(Extracted records)
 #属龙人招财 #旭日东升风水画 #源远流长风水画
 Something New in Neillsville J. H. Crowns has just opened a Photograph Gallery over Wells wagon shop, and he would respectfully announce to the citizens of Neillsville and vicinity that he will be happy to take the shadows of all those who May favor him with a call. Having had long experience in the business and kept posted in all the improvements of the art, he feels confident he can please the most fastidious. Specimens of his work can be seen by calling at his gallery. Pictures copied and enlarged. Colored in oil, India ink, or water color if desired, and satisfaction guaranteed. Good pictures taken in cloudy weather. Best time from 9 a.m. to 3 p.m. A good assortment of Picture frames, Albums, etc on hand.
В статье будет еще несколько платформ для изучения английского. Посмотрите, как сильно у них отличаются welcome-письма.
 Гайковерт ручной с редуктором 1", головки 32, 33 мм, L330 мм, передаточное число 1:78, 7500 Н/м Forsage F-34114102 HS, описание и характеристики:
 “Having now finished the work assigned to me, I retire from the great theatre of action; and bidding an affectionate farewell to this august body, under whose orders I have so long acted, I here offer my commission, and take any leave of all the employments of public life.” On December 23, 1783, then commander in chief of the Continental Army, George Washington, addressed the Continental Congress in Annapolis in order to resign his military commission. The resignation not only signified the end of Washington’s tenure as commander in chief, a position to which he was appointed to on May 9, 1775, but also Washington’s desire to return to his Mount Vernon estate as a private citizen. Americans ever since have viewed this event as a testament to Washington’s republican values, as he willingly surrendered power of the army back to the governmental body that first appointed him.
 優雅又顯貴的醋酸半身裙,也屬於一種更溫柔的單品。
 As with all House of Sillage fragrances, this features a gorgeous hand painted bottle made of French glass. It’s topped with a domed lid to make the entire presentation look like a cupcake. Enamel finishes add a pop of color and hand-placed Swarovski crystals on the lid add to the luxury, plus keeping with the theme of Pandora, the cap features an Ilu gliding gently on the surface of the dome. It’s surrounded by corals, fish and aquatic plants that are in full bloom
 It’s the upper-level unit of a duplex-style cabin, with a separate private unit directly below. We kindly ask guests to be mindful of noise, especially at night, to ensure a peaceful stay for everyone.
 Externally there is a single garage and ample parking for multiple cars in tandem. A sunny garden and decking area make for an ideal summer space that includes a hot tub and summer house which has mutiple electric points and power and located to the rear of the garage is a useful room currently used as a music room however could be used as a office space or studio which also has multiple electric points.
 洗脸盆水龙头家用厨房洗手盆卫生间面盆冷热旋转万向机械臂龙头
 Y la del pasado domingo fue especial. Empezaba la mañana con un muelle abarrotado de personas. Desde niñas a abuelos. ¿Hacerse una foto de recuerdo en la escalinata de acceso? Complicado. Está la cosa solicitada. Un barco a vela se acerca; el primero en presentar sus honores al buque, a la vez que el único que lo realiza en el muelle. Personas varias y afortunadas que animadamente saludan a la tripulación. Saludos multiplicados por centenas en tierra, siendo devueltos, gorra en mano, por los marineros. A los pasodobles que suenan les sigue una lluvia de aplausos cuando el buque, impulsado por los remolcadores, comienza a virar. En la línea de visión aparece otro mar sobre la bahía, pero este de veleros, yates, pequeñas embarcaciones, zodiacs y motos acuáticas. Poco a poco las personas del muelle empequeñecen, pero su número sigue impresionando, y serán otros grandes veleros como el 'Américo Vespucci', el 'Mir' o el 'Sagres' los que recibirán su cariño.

TASK BRIEF: Where the data above reaches the line holding "It’s the upper-level", begin printing, and stop after the line holding "Externally there is". Each line must be reproduced exactly, with nothing else added.

RESPONSE FOR THIS EXERCISE:
 It’s the upper-level unit of a duplex-style cabin, with a separate private unit directly below. We kindly ask guests to be mindful of noise, especially at night, to ensure a peaceful stay for everyone.
 Externally there is a single garage and ample parking for multiple cars in tandem. A sunny garden and decking area make for an ideal summer space that includes a hot tub and summer house which has mutiple electric points and power and located to the rear of the garage is a useful room currently used as a music room however could be used as a office space or studio which also has multiple electric points.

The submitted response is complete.